DETAILED ACTION
Notice of Pre-AIA or AIA Status
The present application, filed on or after March 16, 2013, is being examined under the first inventor to file provisions of the AIA .
Claim status
The examiner acknowledged the amendment made to the claims on 08/19/2025.
Claims 1, 3, 8-9, 11-15 and 17-27 are pending in the application. Claims 1 and 23 currently amended. Claims 2, 4, 6, 7,10, 16 and 28 are previously cancelled. Claim 5 is currently cancelled. Claims 14-15 and 18-20 are withdrawn in response to the restriction/election requirement. Rest of claims are previous presented. Claims 1, 3, 8-9, 11-13, 17 and 21-27 are hereby examined on the merits.
Examiner Note
Any objections and/or rejections that are made in the previous actions and are not repeated below, are hereby withdrawn.
Claim Rejections - 35 USC § 103
The following is a quotation of 35 U.S.C. 103 which forms the basis for all obviousness rejections set forth in this Office action:
A patent for a claimed invention may not be obtained, notwithstanding that the claimed invention is not identically disclosed as set forth in section 102, if the differences between the claimed invention and the prior art are such that the claimed invention as a whole would have been obvious before the effective filing date of the claimed invention to a person having ordinary skill in the art to which the claimed invention pertains. Patentability shall not be negated by the manner in which the invention was made.
Claims 1, 3, 8, 9 and 21-27 are rejected under 35 U.S.C. 103 as being unpatentable over Wei CN 102870877 A (English translation relied upon for reference, hereinafter referred to as Wei) in view of Parr US Patent No. 4,464,469 (hereinafter referred to as Parr), Richter-Friis WO 2005/058474 A1 (cited in the IDS filed 12/24/2024, hereinafter referred to as Richter-Friis), Sugio US Patent Application Publication No. 2006/0154842 A1 (hereinafter referred to as Sugio) and Akolkar, “Lactase production from Lactobacillus acidophilus”, World Journal of Microbiology & Biotechnology, 2005, 21, pages 1119-1122 (hereinafter referred to as Akolkar).
Regarding claims 1, 3, 8, 9, 22 and 24-27, Wei teaches that lactase enzyme is used to hydrolyze lactose in the process of making a fermented dairy product such as yogurt with a starter culture that includes Lactobacillus, Bifidobacterium and Streptococcus, in which the lactase enzyme is added either concurrently with the starter culture or is added before the starter culture is added (Abstract; 0011;0053).

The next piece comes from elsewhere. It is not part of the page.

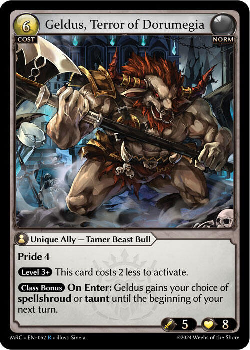 [Class Bonus] On Enter: Geldus gains your choice of spellshroud or taunt until the beginning of your next turn.

Wei is silent regarding the lactase enzyme is in the form of frozen pellet having an average diameter of between 0.01-15 mm, such as 0.25-3 mm, 0.01-10 mm 0.1-10 mm and 0.1-5 mm as recited in claims 24-27, wherein the water content of the frozen pellet is at least 20 wt%, and wherein frozen pellet comprising sodium chloride or glycerol as a preservative at a concentration of 1-10 wt%.
Parr teaches that lactase in the form of solution is relative unstable, and for a long storage, the solution should be kept at low temperature in the presence of a polyol such as glycerol, wherein glycerol serves as both a stabilizing agent and antimicrobial agent (column 1, line 27-41).
Richter-Friis teaches a method of handling/storing an active pharmaceutical ingredients such as protein / enzyme preparation, comprising providing a liquid composition of the protein / enzyme preparation, and adding the droplet of the liquid composition to a container containing a cryogenic medium such as liquid nitrogen to form cryogranules, followed by storing at low temperature of -80-0 °C, such as -40-10 °C (page 2, line 9-10; page 3, line 12-22; page 7, line 16-19 and 25-31; page 9, line 22-26; page 10, line 19-20). Richter-Friis teaches that the amount of liquid composition required for each droplet is typically in the range of 0.5-250 µL, e.g., 1-100 µL such as 2-20 µL (page 8, line 8-9) which results in an average diameter of the cryogranules being in the range of 0.1-20 mm such as in the range of 0.5-10 mm (page 13, line 17-20; claim 4). Furthermore, Richter-Friis teaches that the container containing the cryogranules of the liquid composition is capable of being stored in a period of more than six months, preferably more than one year, preferably more than five years, without loss of the activity of the active pharmaceutical ingredient (page 10, line 24-27).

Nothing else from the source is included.